Make sure your KPIs are actionable.
Productivity expert David Allen points out that nobody can “do” a project. That’s because a project is a large collection of related, actionable tasks. This is why Allen suggests when you have to tackle a project, your first need to break it up into clear, actionable steps.
The same goes for developing KPIs. You don’t want to just set one large objective, such as increase free-trial downloads by 10% in the third fiscal quarter. You can have that as your broad objective. But you’ll also want to draft interim steps and goals that let you and your team make progress toward that broad objective.
So set a target to increase the traffic from your pay-per-click advertising by 10% each month, to drive more people to your trial download page. Now you have a short-term task that can help you move toward your long-term KPI.
Regularly review your KPIs with the team.
One risk of establishing only long-term KPIs is that once you and your team have agreed this is your target, everyone goes back to their separate own roles and responsibilities. If you’re not meeting regularly with your team to review your progress toward this KPI, you won’t know until it’s too late if you needed to course-correct and try new approaches.
This is why we suggest first breaking your KPIs into actionable, shorter-term metrics to track. It’s also why we recommend getting together regularly, monthly or even weekly, with your team to review where everyone stands with their contributions to the broader KPI. This way, if it’s clear the team is falling short of its more immediate goals, you will either need to adjust your expectations or change your tactics— or both, to achieve your KPI.
How Should Product Managers Choose KPIs?
A product team, like any other department in an organization, can choose from many possible KPIs to track and analyze. Our friends at UserVoice have some suggestions for how product managers should narrow the KPIs they track, focusing on those metrics that offer the most strategic value. These strategic metrics could be:
1. Identify the One Metric That Matters (OMTM).
Although you’re not limited to selecting one metric for your product team’s KPI, it’s a good idea to identify the one number that means more than any other to the success of your product and your business. This helps the team prioritize its limited resources and focus its energy where it will result in the greatest value.
2. Determine which metrics matter most to your stakeholders.
Take note that these might not be the numbers that tell you the most about the health and success of your products. You might not be particularly concerned about them at all, at least not now. But you need to build KPIs that help you make sure your team is working toward hitting the numbers that your executive team or investors will be looking at.

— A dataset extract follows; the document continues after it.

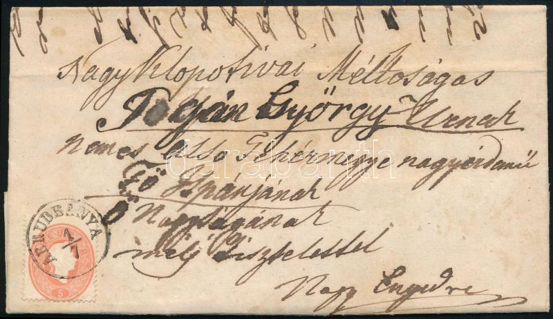 Leírás: 1863 5kr képbe fogazva levélen / 5kr with shifted perforation, on cover "ABRUDBÁNYA" - Nagy Enyed

3. Keep your list of feature-based KPIs short and strategic.
The idea here is that if you’re going to base your product’s success or failure partly on how well specific features perform, then you should make sure you focus only on those features that will really move the needle; add new users, keep existing users, and increase positive word of mouth among your target market.
Are Key Performance Indicators Mission-Critical?
Key performance indicators (KPI) perform several strategically important functions for a team, department, or business. They help across the company so that everyone has a common understanding of what success will look like. And because people know what they are expected to contribute towards that success, KPIs encourage more ownership, focused work, and accountability.
Finally, the smaller, shorter-term KPIs can provide a team with both guideposts to let them know how they’re progressing toward the larger KPI, and the ability to celebrate small victories along the way to reaching it.